(Input begins)

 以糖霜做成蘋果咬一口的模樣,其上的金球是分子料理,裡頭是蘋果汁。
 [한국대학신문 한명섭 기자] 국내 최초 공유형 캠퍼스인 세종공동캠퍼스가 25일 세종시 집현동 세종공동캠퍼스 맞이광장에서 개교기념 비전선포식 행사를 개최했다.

(Input ends)
(Input begins)

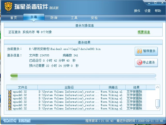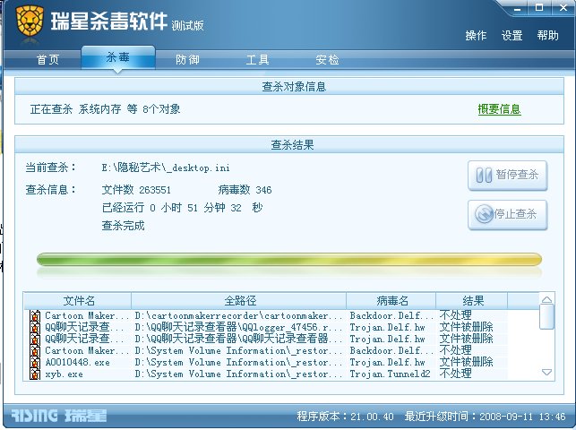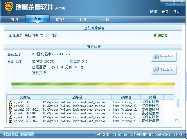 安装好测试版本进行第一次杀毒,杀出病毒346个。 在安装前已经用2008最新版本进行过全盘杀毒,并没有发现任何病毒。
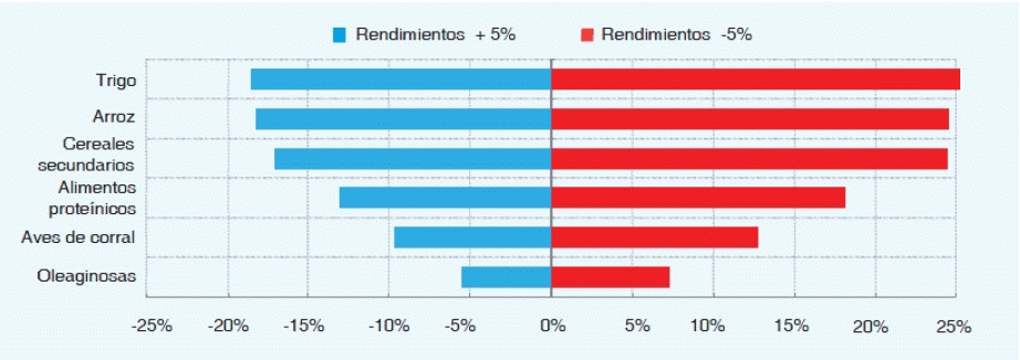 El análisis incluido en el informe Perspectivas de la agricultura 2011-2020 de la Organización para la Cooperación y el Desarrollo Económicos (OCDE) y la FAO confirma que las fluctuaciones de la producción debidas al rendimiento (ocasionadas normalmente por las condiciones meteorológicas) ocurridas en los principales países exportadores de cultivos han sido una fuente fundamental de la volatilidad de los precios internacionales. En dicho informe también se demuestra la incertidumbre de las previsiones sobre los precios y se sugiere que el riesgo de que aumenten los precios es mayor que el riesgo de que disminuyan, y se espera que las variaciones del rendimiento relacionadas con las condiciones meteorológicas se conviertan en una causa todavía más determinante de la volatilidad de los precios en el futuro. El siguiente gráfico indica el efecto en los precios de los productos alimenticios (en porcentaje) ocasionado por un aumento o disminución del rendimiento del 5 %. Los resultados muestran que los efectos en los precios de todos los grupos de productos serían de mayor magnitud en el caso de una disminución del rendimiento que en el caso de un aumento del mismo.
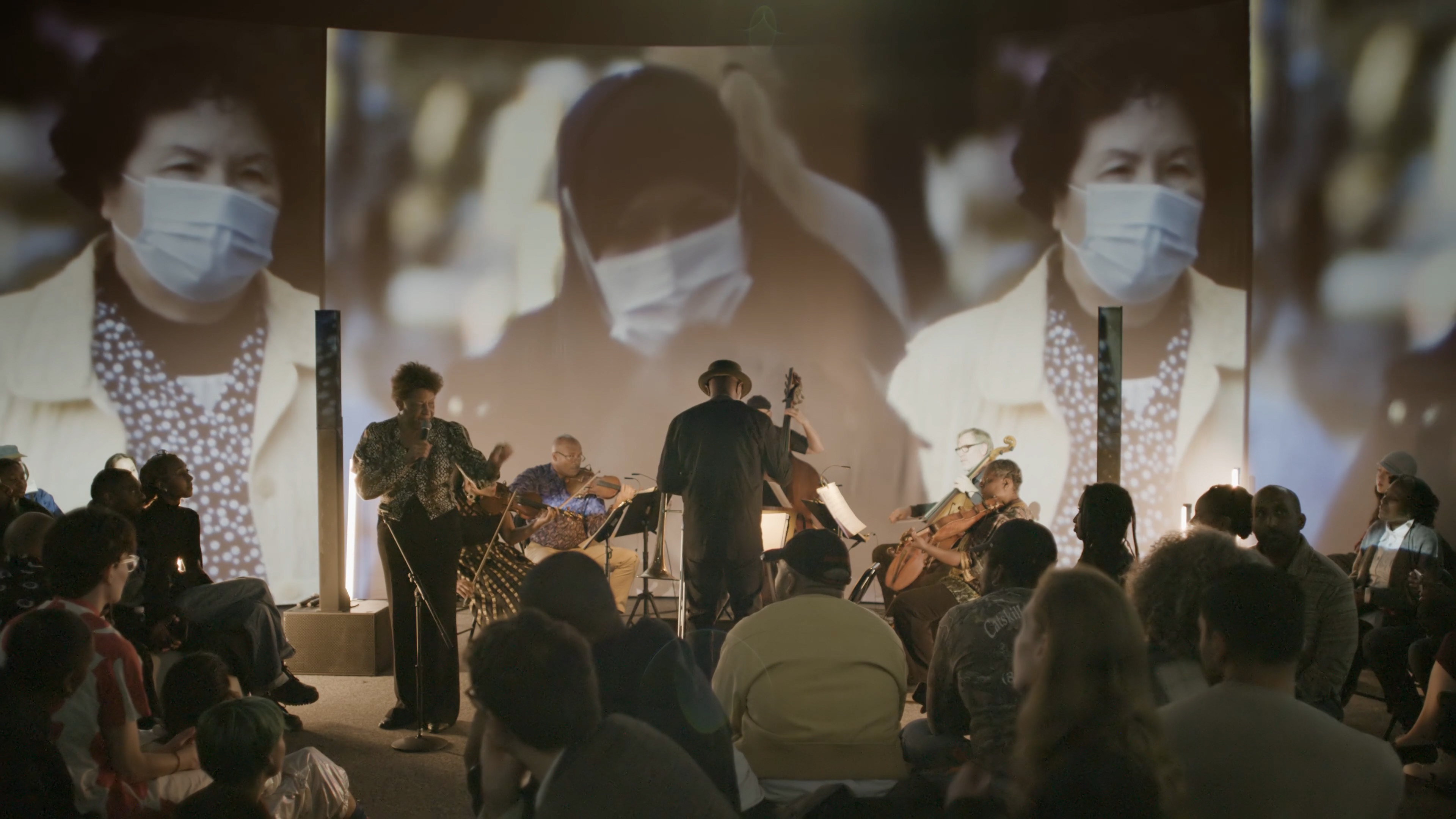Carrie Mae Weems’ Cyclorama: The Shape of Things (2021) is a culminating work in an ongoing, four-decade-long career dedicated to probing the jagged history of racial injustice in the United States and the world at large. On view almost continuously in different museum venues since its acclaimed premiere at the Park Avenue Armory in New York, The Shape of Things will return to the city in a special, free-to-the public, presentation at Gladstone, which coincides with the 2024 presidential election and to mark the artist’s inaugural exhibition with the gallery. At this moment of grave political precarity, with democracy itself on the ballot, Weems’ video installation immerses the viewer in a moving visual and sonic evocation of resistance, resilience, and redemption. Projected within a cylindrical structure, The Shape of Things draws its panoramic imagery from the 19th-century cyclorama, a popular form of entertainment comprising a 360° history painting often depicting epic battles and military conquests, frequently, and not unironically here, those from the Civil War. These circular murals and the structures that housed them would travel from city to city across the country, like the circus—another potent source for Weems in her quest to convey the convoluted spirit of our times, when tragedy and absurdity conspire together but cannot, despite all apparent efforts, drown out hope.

(Input ends)
(Input begins)

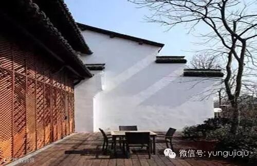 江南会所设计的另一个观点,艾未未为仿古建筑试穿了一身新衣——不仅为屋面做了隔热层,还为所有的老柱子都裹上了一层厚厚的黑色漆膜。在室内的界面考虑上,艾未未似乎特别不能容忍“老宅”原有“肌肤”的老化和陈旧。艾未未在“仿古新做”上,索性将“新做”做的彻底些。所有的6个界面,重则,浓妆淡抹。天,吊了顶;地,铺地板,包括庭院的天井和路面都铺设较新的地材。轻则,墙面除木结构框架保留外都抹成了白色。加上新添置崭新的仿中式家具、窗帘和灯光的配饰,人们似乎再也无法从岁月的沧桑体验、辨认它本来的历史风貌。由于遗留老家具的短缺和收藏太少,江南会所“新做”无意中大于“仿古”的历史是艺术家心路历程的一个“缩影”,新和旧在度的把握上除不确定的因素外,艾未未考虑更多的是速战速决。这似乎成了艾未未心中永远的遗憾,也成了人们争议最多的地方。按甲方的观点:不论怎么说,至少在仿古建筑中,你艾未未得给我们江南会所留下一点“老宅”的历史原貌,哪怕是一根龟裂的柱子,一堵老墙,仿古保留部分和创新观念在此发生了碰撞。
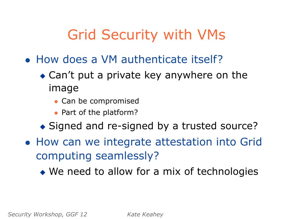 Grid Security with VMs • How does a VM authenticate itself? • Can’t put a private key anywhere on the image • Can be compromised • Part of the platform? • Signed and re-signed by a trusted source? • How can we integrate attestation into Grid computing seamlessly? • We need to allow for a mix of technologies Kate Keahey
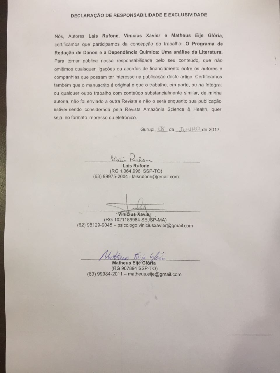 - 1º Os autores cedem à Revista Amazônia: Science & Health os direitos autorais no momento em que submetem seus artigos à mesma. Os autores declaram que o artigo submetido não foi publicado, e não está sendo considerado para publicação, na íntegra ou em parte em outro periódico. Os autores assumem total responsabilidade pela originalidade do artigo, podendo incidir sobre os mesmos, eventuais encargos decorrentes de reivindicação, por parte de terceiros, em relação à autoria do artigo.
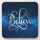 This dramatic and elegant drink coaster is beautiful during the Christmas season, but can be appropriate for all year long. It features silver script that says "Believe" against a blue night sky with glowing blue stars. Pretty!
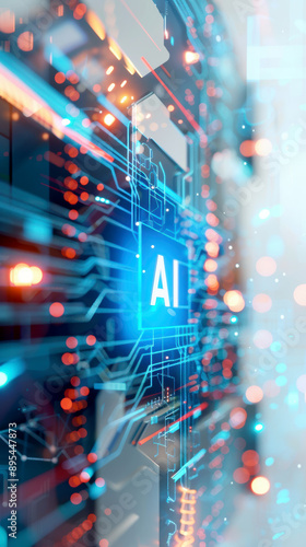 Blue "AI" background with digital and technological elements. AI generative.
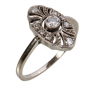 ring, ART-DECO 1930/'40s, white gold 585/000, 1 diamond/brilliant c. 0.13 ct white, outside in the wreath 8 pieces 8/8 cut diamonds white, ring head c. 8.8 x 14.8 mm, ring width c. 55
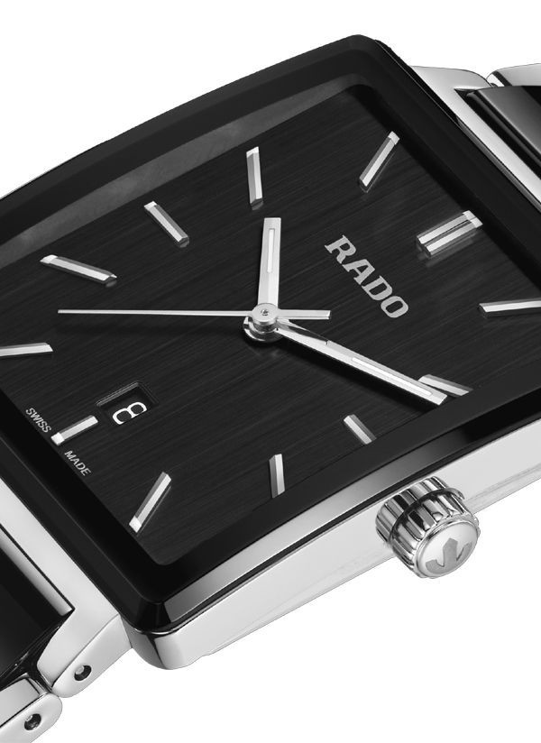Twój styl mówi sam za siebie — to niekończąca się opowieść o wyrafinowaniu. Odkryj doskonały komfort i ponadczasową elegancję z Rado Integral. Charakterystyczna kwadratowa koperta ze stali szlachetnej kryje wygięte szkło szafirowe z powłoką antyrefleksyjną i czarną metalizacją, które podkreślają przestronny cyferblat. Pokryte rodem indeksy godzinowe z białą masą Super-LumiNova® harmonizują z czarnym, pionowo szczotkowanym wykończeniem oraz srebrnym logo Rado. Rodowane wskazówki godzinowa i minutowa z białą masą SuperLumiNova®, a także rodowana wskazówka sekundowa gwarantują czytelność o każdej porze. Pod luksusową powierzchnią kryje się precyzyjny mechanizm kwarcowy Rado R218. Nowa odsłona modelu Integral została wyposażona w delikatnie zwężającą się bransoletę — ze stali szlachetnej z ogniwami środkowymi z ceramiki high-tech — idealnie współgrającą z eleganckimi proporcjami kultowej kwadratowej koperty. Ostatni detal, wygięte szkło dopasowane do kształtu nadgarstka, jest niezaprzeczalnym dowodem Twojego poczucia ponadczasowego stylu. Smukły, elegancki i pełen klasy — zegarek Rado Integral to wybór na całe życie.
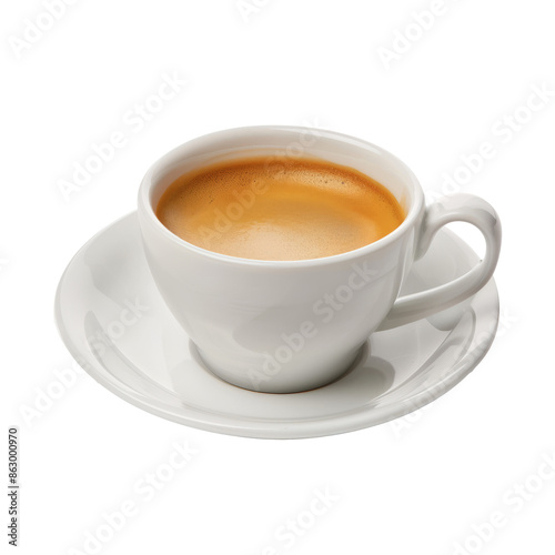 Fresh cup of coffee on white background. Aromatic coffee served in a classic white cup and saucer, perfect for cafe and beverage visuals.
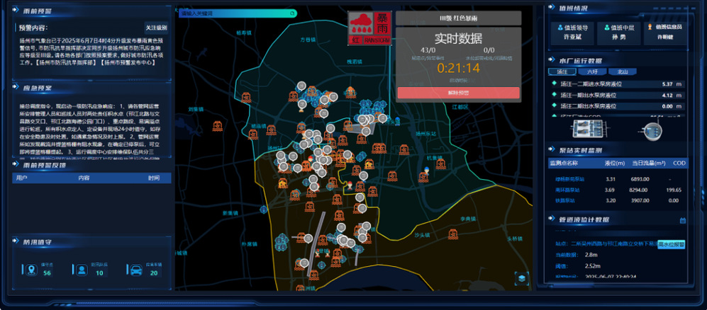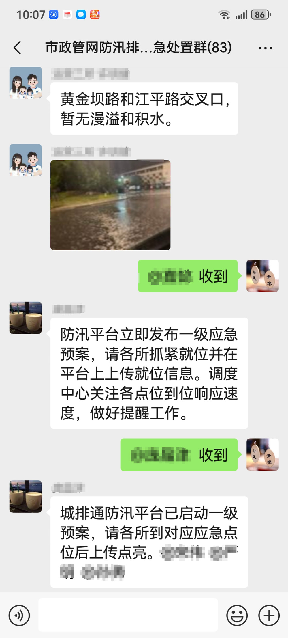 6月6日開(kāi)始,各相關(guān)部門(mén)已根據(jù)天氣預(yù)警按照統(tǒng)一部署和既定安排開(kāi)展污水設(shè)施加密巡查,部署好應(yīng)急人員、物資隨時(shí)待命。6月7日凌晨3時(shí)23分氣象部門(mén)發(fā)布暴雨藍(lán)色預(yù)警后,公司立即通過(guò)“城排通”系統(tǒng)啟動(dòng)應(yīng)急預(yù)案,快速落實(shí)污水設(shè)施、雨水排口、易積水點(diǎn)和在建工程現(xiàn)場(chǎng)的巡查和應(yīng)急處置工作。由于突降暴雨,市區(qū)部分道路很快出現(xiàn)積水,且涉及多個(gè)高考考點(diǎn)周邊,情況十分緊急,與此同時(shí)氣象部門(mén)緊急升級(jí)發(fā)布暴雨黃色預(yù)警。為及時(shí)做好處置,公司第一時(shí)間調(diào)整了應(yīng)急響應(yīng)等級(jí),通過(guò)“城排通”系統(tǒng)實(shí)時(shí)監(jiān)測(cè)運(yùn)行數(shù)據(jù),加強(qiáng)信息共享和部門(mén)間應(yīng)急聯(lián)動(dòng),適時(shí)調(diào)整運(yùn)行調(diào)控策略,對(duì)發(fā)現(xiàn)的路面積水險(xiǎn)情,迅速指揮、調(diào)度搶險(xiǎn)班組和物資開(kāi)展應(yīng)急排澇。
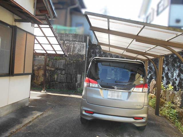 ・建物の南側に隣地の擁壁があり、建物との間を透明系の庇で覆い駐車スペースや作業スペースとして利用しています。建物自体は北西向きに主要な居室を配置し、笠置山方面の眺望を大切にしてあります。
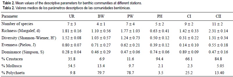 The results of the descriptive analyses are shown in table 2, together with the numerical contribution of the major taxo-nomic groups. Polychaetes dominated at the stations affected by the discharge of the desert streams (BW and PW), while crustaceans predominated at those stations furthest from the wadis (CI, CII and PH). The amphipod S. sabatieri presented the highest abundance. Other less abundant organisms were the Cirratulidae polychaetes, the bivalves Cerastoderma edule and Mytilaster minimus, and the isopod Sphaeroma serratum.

(Input ends)

Instructions for the task: Working from the data above, repeat exactly, and only, the lines that begin at the line containing "Grid Security with" and stop after the line containing "elements. AI generative."; pictures are not copied.

The completed task:
 Grid Security with VMs • How does a VM authenticate itself? • Can’t put a private key anywhere on the image • Can be compromised • Part of the platform? • Signed and re-signed by a trusted source? • How can we integrate attestation into Grid computing seamlessly? • We need to allow for a mix of technologies Kate Keahey
 - 1º Os autores cedem à Revista Amazônia: Science & Health os direitos autorais no momento em que submetem seus artigos à mesma. Os autores declaram que o artigo submetido não foi publicado, e não está sendo considerado para publicação, na íntegra ou em parte em outro periódico. Os autores assumem total responsabilidade pela originalidade do artigo, podendo incidir sobre os mesmos, eventuais encargos decorrentes de reivindicação, por parte de terceiros, em relação à autoria do artigo.
 This dramatic and elegant drink coaster is beautiful during the Christmas season, but can be appropriate for all year long. It features silver script that says "Believe" against a blue night sky with glowing blue stars. Pretty!
 Blue "AI" background with digital and technological elements. AI generative.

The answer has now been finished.